The president, first off, as much as the president keeps saying that he wants education to go back to the states and to local control, his actions in (late April) are the exact opposite. The level of intrusion and control for his ideological purposes are clear and are intense.

What they really want to do is to defund the public schools. They want to dismantle public schools, and they’re engaging in this practice. 

Dismantling the Department of Education, my concern is the money. What’s going to happen in terms of the money? Over the last 60 years, the $100 billion that we have fought for, and that’s used in schools across the country or for kids across the country, that’s what actually helps level the playing field. So am I concerned about what they’re doing? Yes. Are we fighting it in the courts and the court of public opinion? Yes. But the bigger issue is, what country in the modern age believes its best days are in front of it, not behind, and one of the first things it does is take away education. Who does that? Why would you do that to the students of America?

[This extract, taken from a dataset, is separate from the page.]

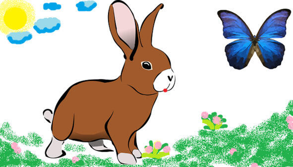 На лесной поляне, где клевер усыпал траву своими белыми и розовыми цветами-помпончиками, кружились разноцветные бабочки. Бабочек было так много, и все они были такие разные белые, голубые, коричневые в жёлтую крапинку, большие и маленькие, что у зайца даже глаза, как говорится, разбежались. Да и не только глаза, и лапы тоже лапы непременно хотели поймать, ну хоть одну бабочку! Что только заяц не делал для этого: то затаится и ждёт удачного момента, чтобы прыгнуть и поймать в лапы присевшую на цветок летунью; то подпрыгнет за ней, желая поймать в полёте Но всё напрасно, ведь бабочки от него разлетались быстрее, чем заяц успевал махнуть лапой, желая поймать хоть одну из них.

On April 25, a federal judge in Maryland issued a preliminary injunction in a lawsuit UFT brought against the Trump administration regarding the administration’s directive regarding diversity, equity and inclusion teaching in schools. What is the impact of this injunction and what will be the overall impact of this case?

The immediate impact is going to be the attestation letters, where they try to tell every school district you have to stop engaging in anything remotely connected to civil rights, including the teaching of honest history. I think that attestation is now put on hold. And the consequences of that attestation that they said that they would make every school district sign, or they would lose their Title I money. That’s put on hold because our injunction is a nationwide injunction.

How can public education be strengthened? 

There’s lots of things we have to do to strengthen schools. I think that COVID really did break us, and we have an outmoded and outdated accountability system that sees success based upon who can effectively fill out a standardized test. We have to think about how we help create how every single public school is a safe and welcoming place, and how every and how we are making schooling relevant for all kids and making it engaging for all kids. So I’ve become a big believer in things like hands-on instruction and career tech ed, and thinking about high school as not simply college prep, but how we open the aperture and make it about career prep and life prep, to how we have things like service learning, how we do things like stackable credentials as well as dual enrollment, how we engage kids in a meaningful way, how we build their critical thinking and their problem-solving skills, their resilience, their relationship skills.We need to do different kinds of things in public education, we need to strengthen it. We need to meet kids’ needs. We need to overcome the fixation on social media and on devices. We need to do all of these things, but what’s happened is that the cultural wars don’t help us do any of that. What it just does is devise and create division and try to undermine the public schools that should be there and should be great for all kids.

What is the path forward for the Democratic Party?

Before you can look to 2026, to 2028, you have to look to 2025, and you have to look to right now. What the party has to do is the party has always had a value system of valuing the people of America and trying to be the working people’s party, particularly in the modern age. You know, we are the party of FDR. We are the party of working folks. But when people don’t believe it, then you have to do the work that you can do, and people don’t believe it, because they’re so angry about their own lives and they’re right to be angry because of the inequality in America.

I worked as an intern in Warren, Ohio, between my junior and senior year in college. And I watched what happened when plants closed, and watched what happened to people, and the dignity that people have had, and then all of a sudden that dignity was gone because a plant closed, or because a coal mine closed. The Democratic Party has to act its values every single day so that people believe us.